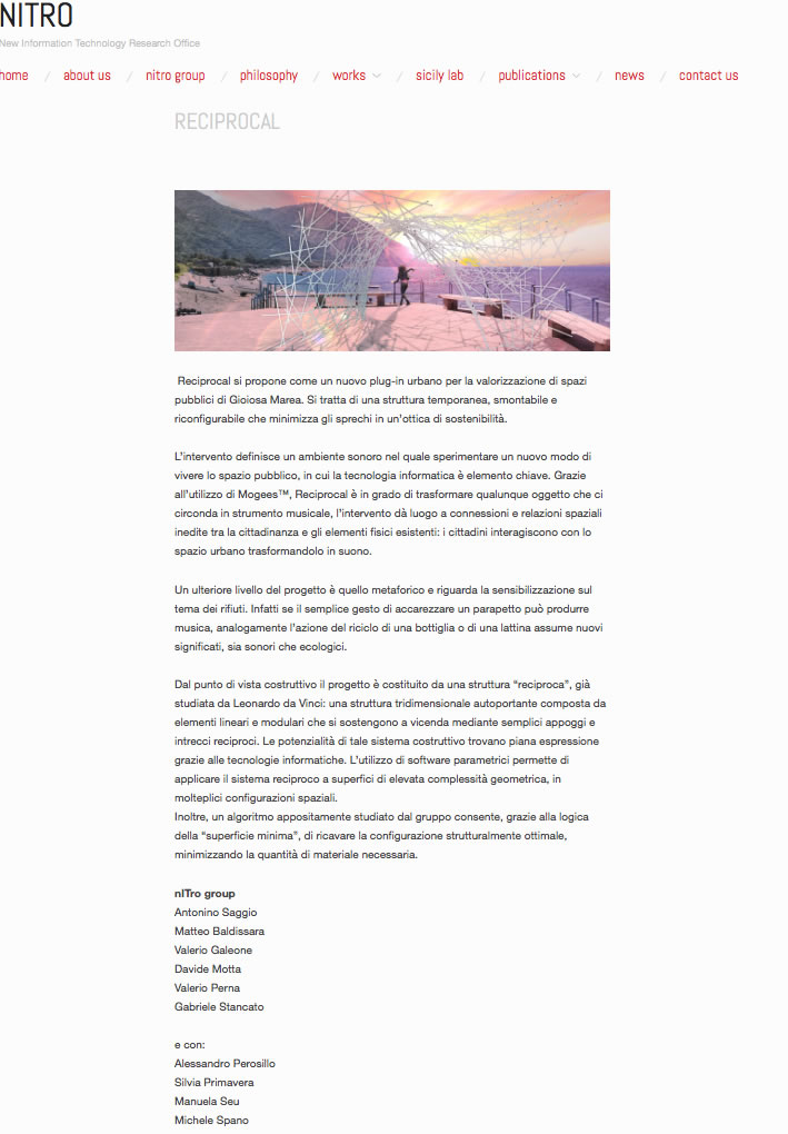nITro Group: Partners in charge Valerio Galeone, Dario Pompei Designers Luca Bregni, Gaetano De Francesco, Giuseppe D’Emilio, Antonio De Pasquale, Rosamaria Faralli, Valerio Galeone, Davide Motta, Dario Pompei Interactive Designer Valerio Galeone Team Rosetta Angelini, Luca Bregni, Gaetano De Francesco, Giuseppe D’Emilio, Antonio De Pasquale, Rosamaria Faralli , Denise Franzè, Valerio Galeone, Saverio Massaro, Davide Motta, Dario Pompei, Antonino Saggio, Angelica Sansonetti, Liborio Sforza Collaborators The FabHub, deltastudio Photographs Rosamaria Faralli (FaRo Image)
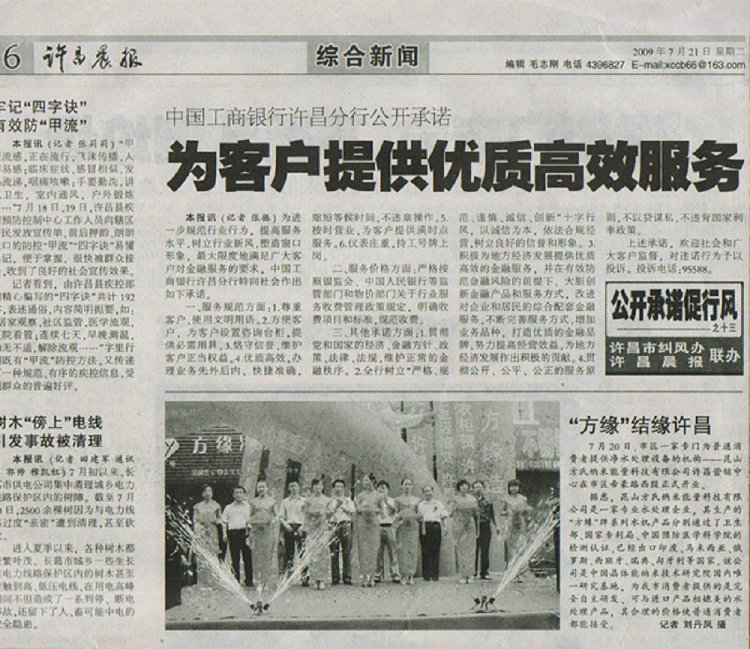我公司许昌营销中心成立。并在《许昌晨报》上刊登。
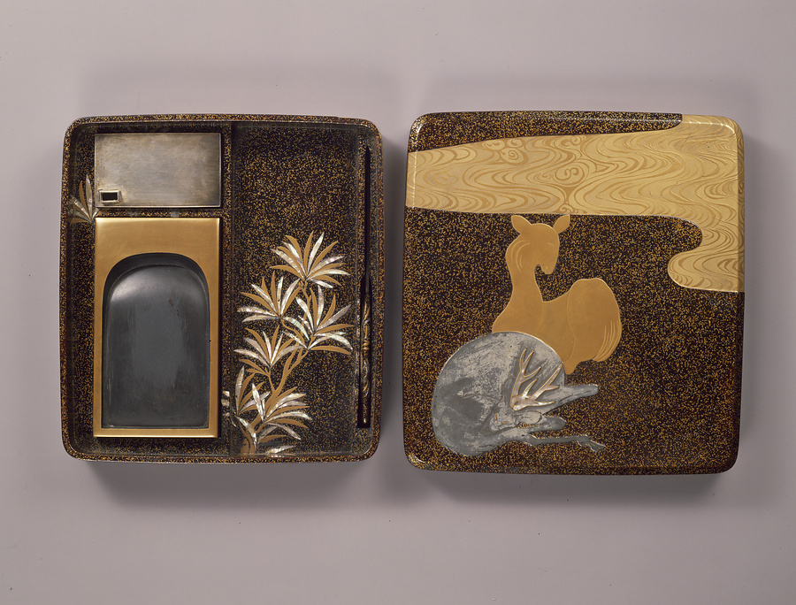 永田友治は正徳・享保頃の人とされるが未詳。「青々子と号し、大に光琳の風を慕ひ遂に其妙を得たり」と伝えられ、琳派の系譜に入る。硯箱は水辺に憩う雌雄の鹿を蒔絵、錫板、螺細で表す。内部の意匠も琳派風。友治の銘や印をもつ作品は数あるが、このような大作はほとんどなく、本作品を代表作と考えてよいだろう。江戸時代に自作を明確にしたユニークな作家の一人である。

--------

Task goal >> Everything in the listing except the pictures must be reproduced exactly.

Answer to this exercise >>
nITro Group: Partners in charge Valerio Galeone, Dario Pompei Designers Luca Bregni, Gaetano De Francesco, Giuseppe D’Emilio, Antonio De Pasquale, Rosamaria Faralli, Valerio Galeone, Davide Motta, Dario Pompei Interactive Designer Valerio Galeone Team Rosetta Angelini, Luca Bregni, Gaetano De Francesco, Giuseppe D’Emilio, Antonio De Pasquale, Rosamaria Faralli , Denise Franzè, Valerio Galeone, Saverio Massaro, Davide Motta, Dario Pompei, Antonino Saggio, Angelica Sansonetti, Liborio Sforza Collaborators The FabHub, deltastudio Photographs Rosamaria Faralli (FaRo Image)
我公司许昌营销中心成立。并在《许昌晨报》上刊登。
 永田友治は正徳・享保頃の人とされるが未詳。「青々子と号し、大に光琳の風を慕ひ遂に其妙を得たり」と伝えられ、琳派の系譜に入る。硯箱は水辺に憩う雌雄の鹿を蒔絵、錫板、螺細で表す。内部の意匠も琳派風。友治の銘や印をもつ作品は数あるが、このような大作はほとんどなく、本作品を代表作と考えてよいだろう。江戸時代に自作を明確にしたユニークな作家の一人である。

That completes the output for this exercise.